Justice is Served Upon Tim Eyman
Justice at last! Permanent Defense’s victory banner celebrating a successful outcome in the main State of Washington v. Tim Eyman case.

Inspired by Permanent Defense’s nineteen year track record of taking on right wing initiatives and getting results? Donate to Permanent Defense PAC now to keep Washington safe from threats to its Constitution and common wealth

NPI on Judge Dixon’s decision in State v. Eyman: Justice is finally served

In the Courts

Today, Thurston County Superior Court Judge James Dixon ordered dishonest initiative promoter Tim Eyman to pay $2.6 million for serious violations of Washington State’s public disclosure laws and entered an order enjoining Eyman from having financial control over political committees.

The long-awaited decision comes nearly four years after Attorney General Bob Ferguson filed a lawsuit seeking to hold Eyman accountable for the violations, which were investigated by the Public Disclosure Commission following a complaint from Washingtonians For Ethical Government’s Sherry Bockwinkel.

Northwest Progressive Institute founder and Executive Director Andrew Villeneuve, who serves on WFEG’s board with Bockwinkel, thanked Dixon for a well-reasoned, calmly delivered, dispassionate ruling.

“Justice was served today… long, long overdue justice,” said Villeneuve.

“Tim Eyman has been fined before. He has been found guilty of violations of Chapter 42.17A RCW before. But he has never been held accountable like this.”

“After decades of evading accountability, Eyman has finally been sentenced to a punishment that our team believes fits his crimes. Our Permanent Defense project, which fights destructive initiatives like those Eyman sponsors, is about to turn nineteen on Monday, February 15th. I could not think of more befitting news as we approach that anniversary than this thoughtfully delivered ruling. Our team at NPI is elated.”
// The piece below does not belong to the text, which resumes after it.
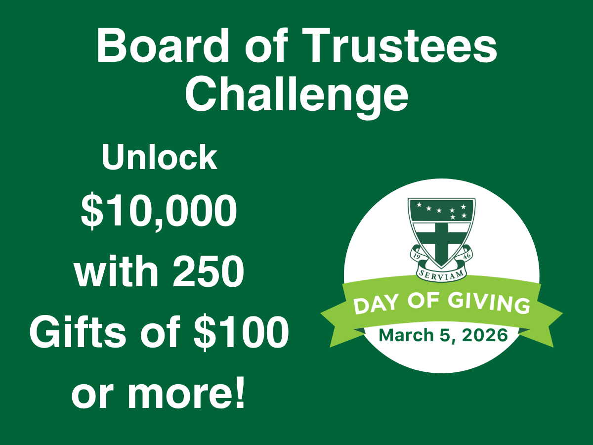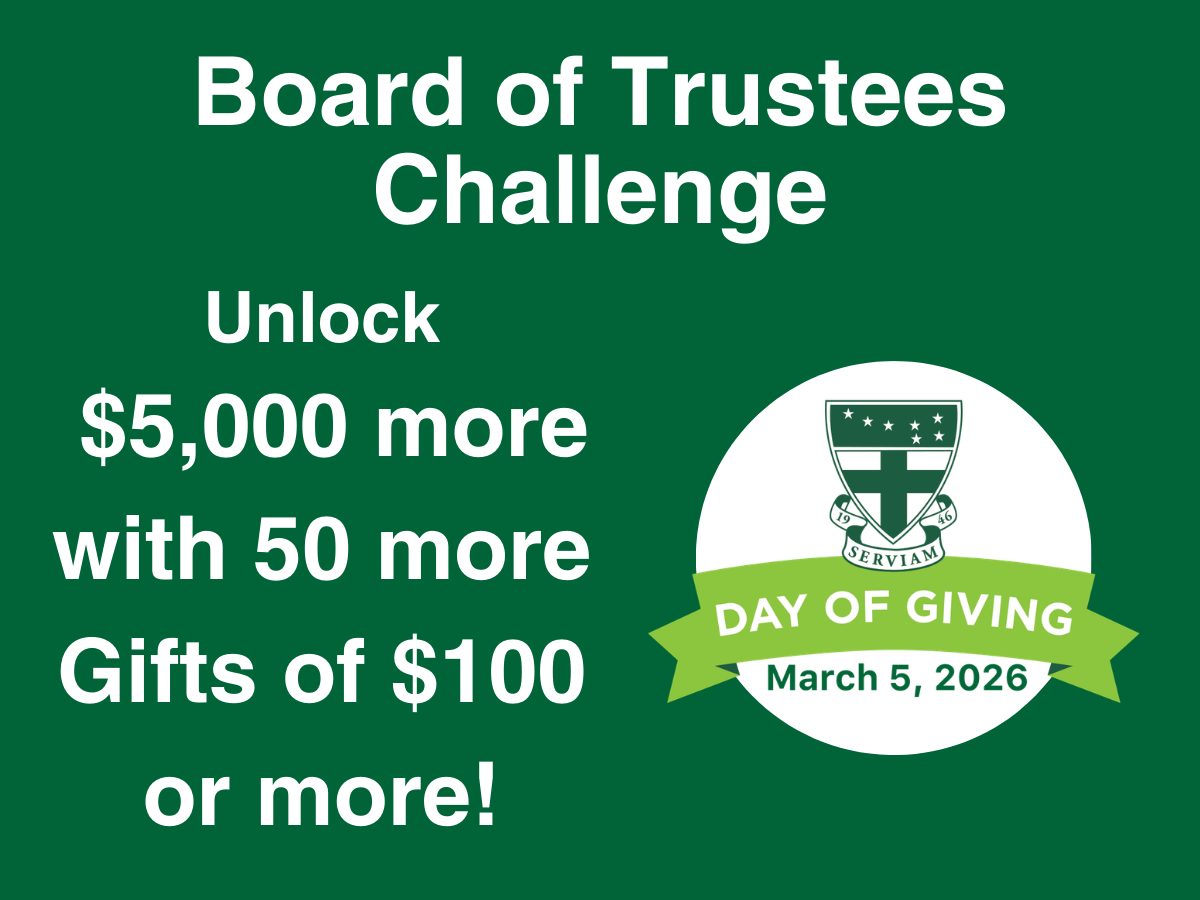 The Logue, Gioioso, and Patten families (Alumnae ’81, Parent ’90, ’93, ’14, ’16, ’21) are matching every gift, up to $30,000 in total! Thanks for your generosity!

“Washington State’s public disclosure laws serve the public interest. What we know today as Chapter 42.17A was created by the very initiative process Tim Eyman says he cherishes. But for too long, Tim Eyman has made a mockery of our public disclosure laws.”

“Now, Tim must face the consequences for his choices. Today, February 10th, 2021, his lying and cheating truly caught up with him. The circumstances he finds himself in are of his own making. He needs only to look in the mirror if he wants to know who to blame for these events.”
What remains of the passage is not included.